Lines 219-224: please present size, zeta potential and PDI results as mean and standard deviation (of at least three independent replicas)

Author Response

The answer is attached.

Author Response File: Author Response.docx

Reviewer 3 Report

Comments:

1.      From line 219 to 223, when the author mentioned the size, PDI and zeta potential, I recommend author add the standard deviation of those data.

2.      Any clearer TEM images of the SPIONs in Figure 2A? Most of the particles are aggregate together.

3.      In Figure 6, I recommend author stain the cell membrane as well to make sure the particles are internalized inside the cells.

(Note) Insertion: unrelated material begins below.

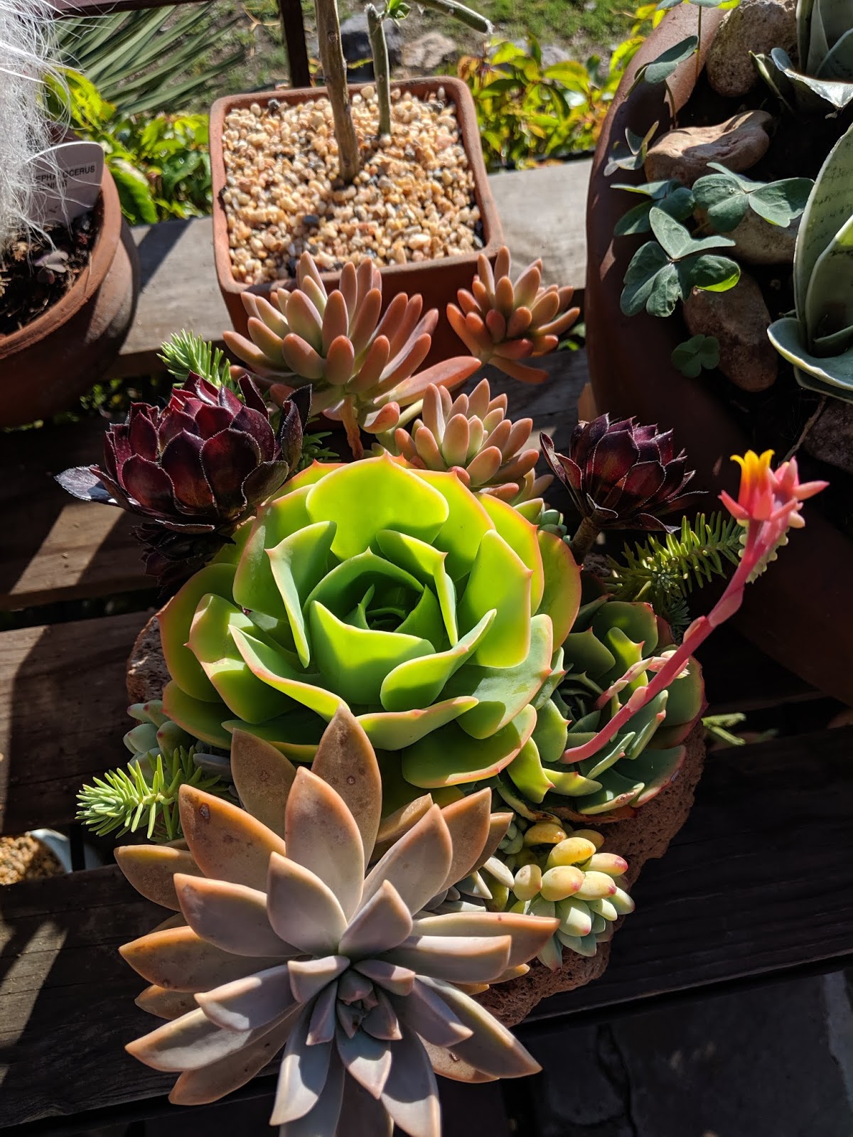 | This mashup contains some succulents along with four pots of coleus. |

4.      In Figure 7, I recommend the author add the statistical analysis when you report this data.

5.      In Figure 7, when you analyze the cell apoptosis, the four quadrant you drew on different values. For example, in Figure 7A, FITC-A line is between 10^2 to 10^3, but for Figure 7B, FITC-A line is on 10^3. Any explanation for this? I assume they should be on the same value and then you can compare the cell apoptosis level.

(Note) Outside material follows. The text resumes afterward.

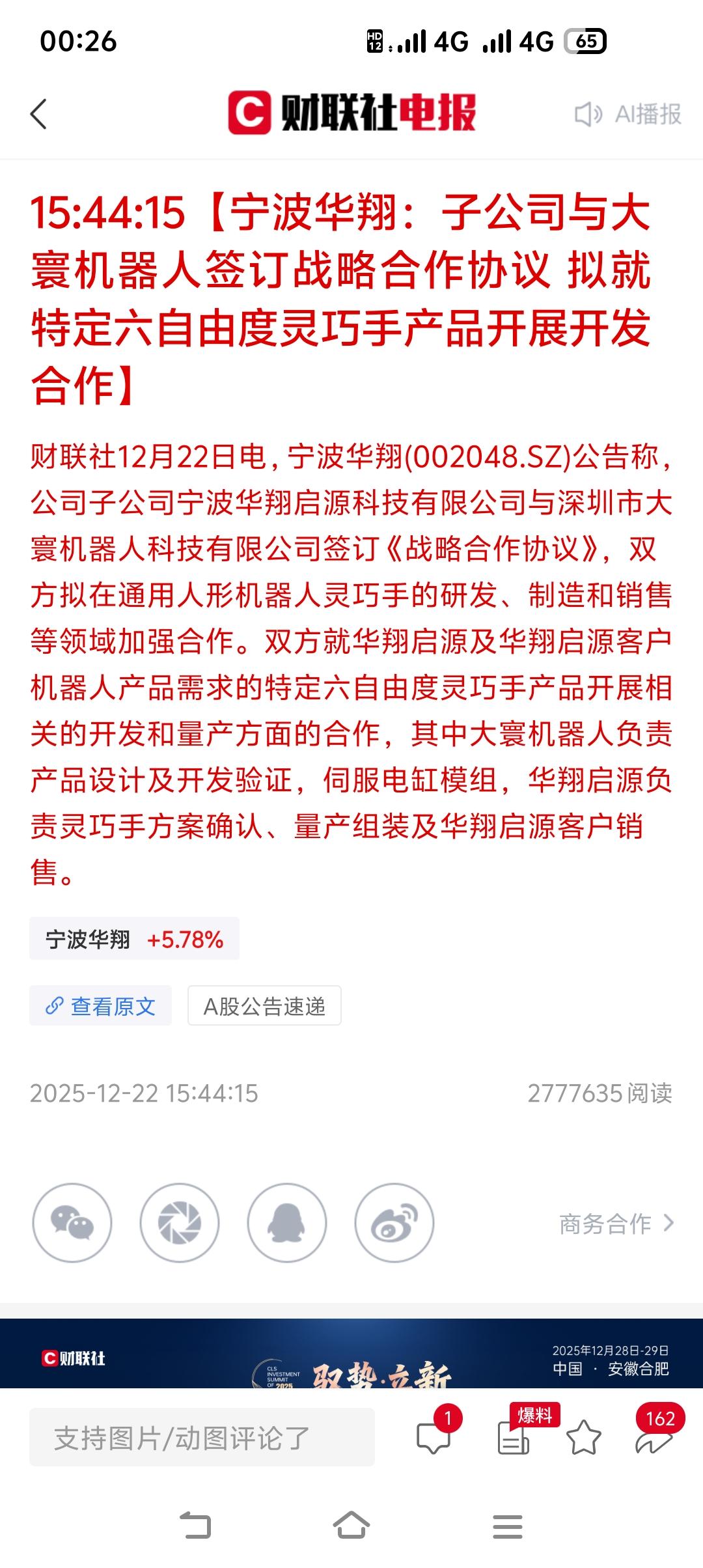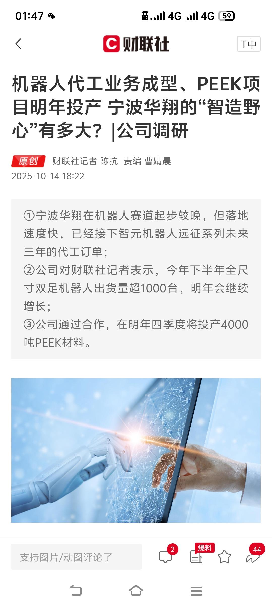 三丰智能也属于机器人板块,回调了挺长时间!可以看到周一和周四都放量拉升了!看此股月线是回调了10个月! 而有些机器人股已经在之前就异动了,譬如昊志机电,力星股份等,长盈精密则没有怎么回调。 要是以前,三丰智能这样的股可以大胆干!今天,就算你选对了板块,如何选个股也伤透了脑筋! 以前发过宁波华翔的帖子,此股和双林股份一样,都是机器人行业后行者!双林股份前面一波强的一笔,这股会复制吗?你到财联社搜索帖子,此股质地是不错的,不仅替智元机器人代工,还投资建设peek,和其他厂一起合作开发灵巧手。 长期拿住宁波华翔,我觉得不会比中大力德差。

6.      Why can PTT cause cell apoptosis? Any explanation of that?

Author Response

The answer is attached.

Author Response File: Author Response.docx

Round 2

Reviewer 1 Report

The manuscript is improved after revision, therefore I suggest the publication

Author Response

English language and style were revised.

We appreciate your contributions to this work. I greatly appreciate your time and efforts. Thank you very much.

Reviewer 2 Report

The authors revised the manuscript and improved its quality. However, some points still need to be addressed before publication:

-In the introduction the novelty of this work should be clearly indicated, since gold coated SPIONs have been extensively reported for cancer photothermal therapy.

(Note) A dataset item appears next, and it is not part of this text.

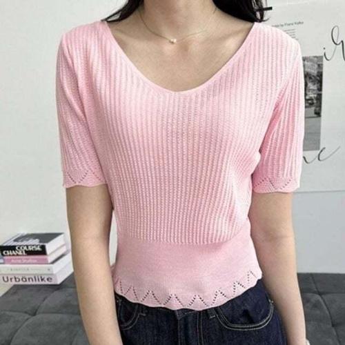 [셀럽하우스]여자 YIAW3729 심플 캐주얼 반팔 니트 필수템 여성 레이스 브이

-  it should be clearly indicated in the manuscript that Ce6-cysteamine is used as a photosensitizer

- the authors should add to the materials the information that the EGF-α-lipoic acid and Ce6-cysteamine complexes are linked to the NPs by a gold–sulfur bond

Author Response

English language and style were revised.

We appreciate your contributions to this work. I greatly appreciate your time and efforts. Thank you very much.

Author Response File: Author Response.docx

Reviewer 3 Report

All the comments are addressed properly. 

Author Response

English language and style were revised.

We appreciate your contributions to this work. I greatly appreciate your time and efforts. Thank you very much.